Я видел Сусанина
Шрифт:
Насмешка была явной.
— А что ж, пан, целоваться им с тем боярином Парамошкой? — вскинул литую бровь атаман. Обождав, буркнул нехотя: — Это Наумов с Вельяминовым Никиткой удумали. Вельяминовское поместье когда-то дуром хапнул заструговский боярин. Вот и поквитались.
— Ге-ге-е… Боярина вешать, согласись, не острастка для черни. Соблазн и вольность! Вешай твой Наумов холопство злобное, челядинца-болвана кинь на копье, слугу, — слова не скажу против. А уж боярина — это, согласись…
— Не соглашусь! — перебил норовисто атаман. — Сколь мятежных мужиков привел к нам тогда есаул из-под Застругов? Не они ли, чернолапотные, опора тебе и нам, пан-полковник? Мужик знает, под какими идти хоругвями!
— Ф-фа…
— Молись, пан, что мои казаки не слышат тебя.
Словом, не клеился разговор. Лишь после того, как рыжий казачонок Заруцкого внес жбанец донской крепкой медовухи и поставил перед беседующими грибную закуску, язык пана стал явно податливее. Вылилось-таки наружу главное!

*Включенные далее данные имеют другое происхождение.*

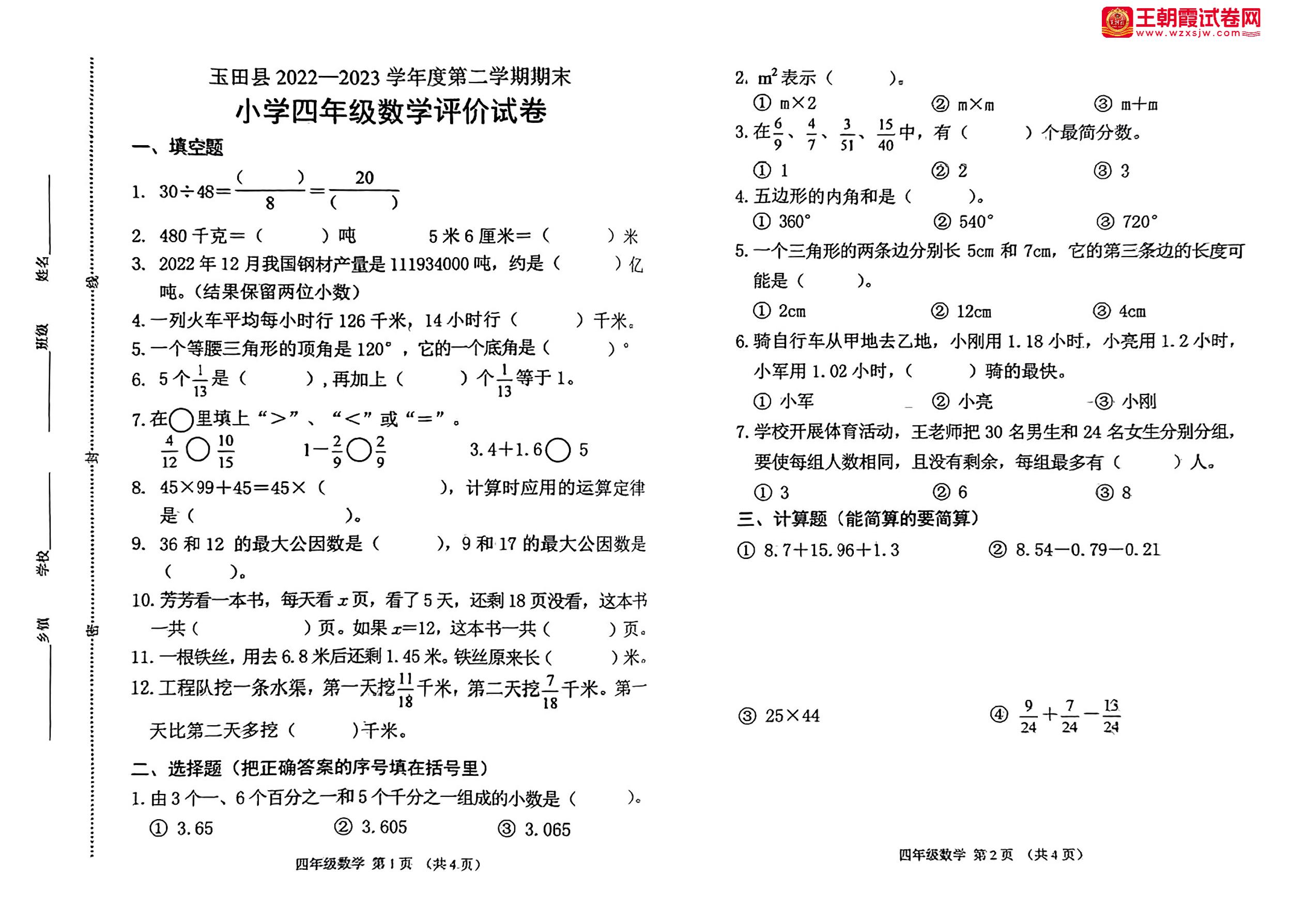河北省唐山市玉田县2022-2023学年度第二学期期末评价试卷四年级数学(冀教版)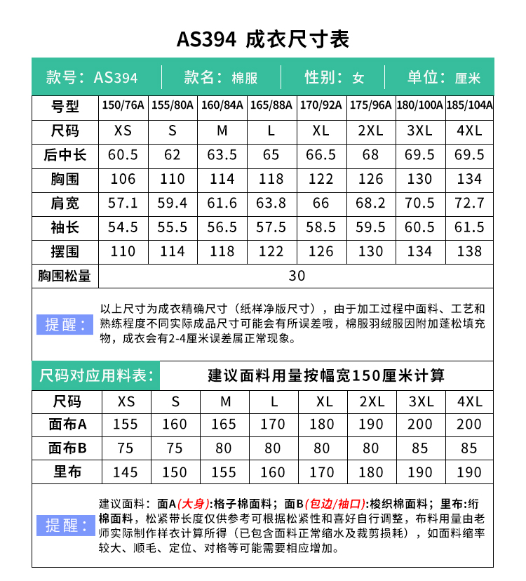 裁缝学苑AS394复古加厚夹棉夹克外套女冬圆领棉服纸样绗棉小棉袄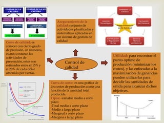 Este documento presenta información sobre aseguramiento de calidad y costos de calidad. Explica que el aseguramiento de calidad involucra actividades planificadas para gestionar la calidad y que el costo de calidad estima el costo de prevención entre 15-20% de las ventas. También describe curvas de costos que muestran los costos de producción en relación a la cantidad producida y sus tipos, e indica que las curvas de costo son útiles para minimizar costos y maximizar ganancias.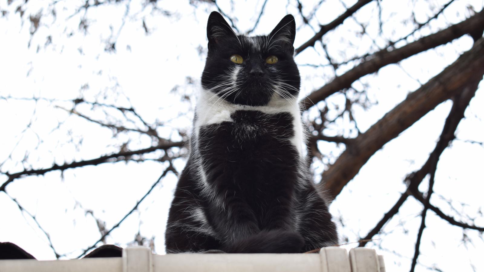 Wallpaper Big black and white cat sitting on the fence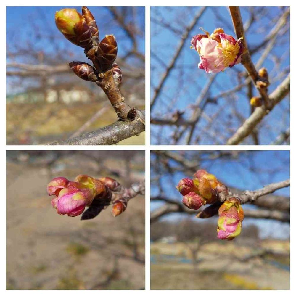 こちらは「ソメイヨシノ」の蕾です。 川原近くの広場の桜並木で、この木だけ 蕾が膨らんでいました😃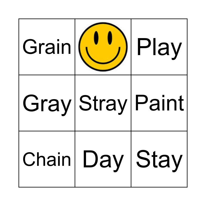 This bingo card has 1 images and 8 words: Chain, Stray, Play, Grain, Paint, Gray, Day and Stay.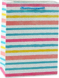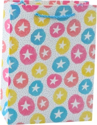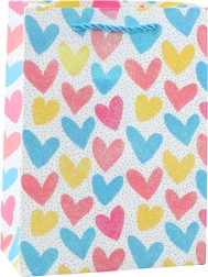 Ta torba prezentowa została wykonana z wytrzymałego ozdobnego kartonu, co zapewnia jej trwałość i estetyczny wygląd. Motywy z kolorowymi sercami, gwiazdkami, kropkami i paskami nadają torbie lekki i zabawny charakter, który świetnie pasuje do różnych rodzajów prezentów. Mocne sznurowe uchwyty w dopasowanym kolorze gwarantują wygodne przenoszenie.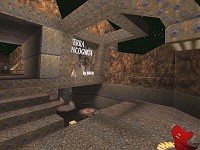 What a mix of inspirations for Misyu's first double digit map. Bal's "Dying Embers" (Baldm8) is the most obvious for the open topped rocky formations on the up most levels and the curving ironwork over the RA. The textures are a grim coloured mix mostly from Quake 2. There is the obligatory whirring and grinding noises from the wall mounted computer consoles and an unusual amount of signs and notices. A little more emphasise on detail would have been nice since it's a bit sparse in parts.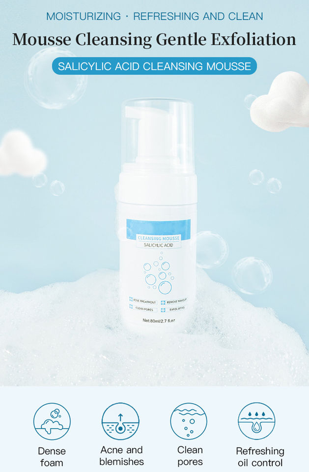 Meilleur Prix, Faible MOQ, Personnalisez Votre Logo, Nettoyant Visage Moussant Végétalien Bio aux Acides Aminés et Acide Salicylique, Formule Végétale, Pour Tous Types de Peaux

Безнадежно затянули осаду Москвы, — признал гость огорченно. — У воинов-иноземцев пошатнулся дух: им сейчас, а не потом давай военную поживу. А где ее вынуть? Вотчины и усадьбы окрест Москвы еще с лета опустошили. Ян Сапега снял свои сотни с окружения, кинув их на осаду Троице-Сергиева монастыря. Но там хоть и богато, да по всему видать — зазимуют рати. Пан Збровский проговорился, что готовит своих драгун к походу на северные и волжские города — «рыбицу удить, пироги добывать». Яздовский с Пшибосями к нему лепятся, Летюговский, Млоцкие — губа не дура!.. А ему что ж, пану Лисовскому? Сидеть с дурнем Яном под Троицким затвором? Шиш облизывать?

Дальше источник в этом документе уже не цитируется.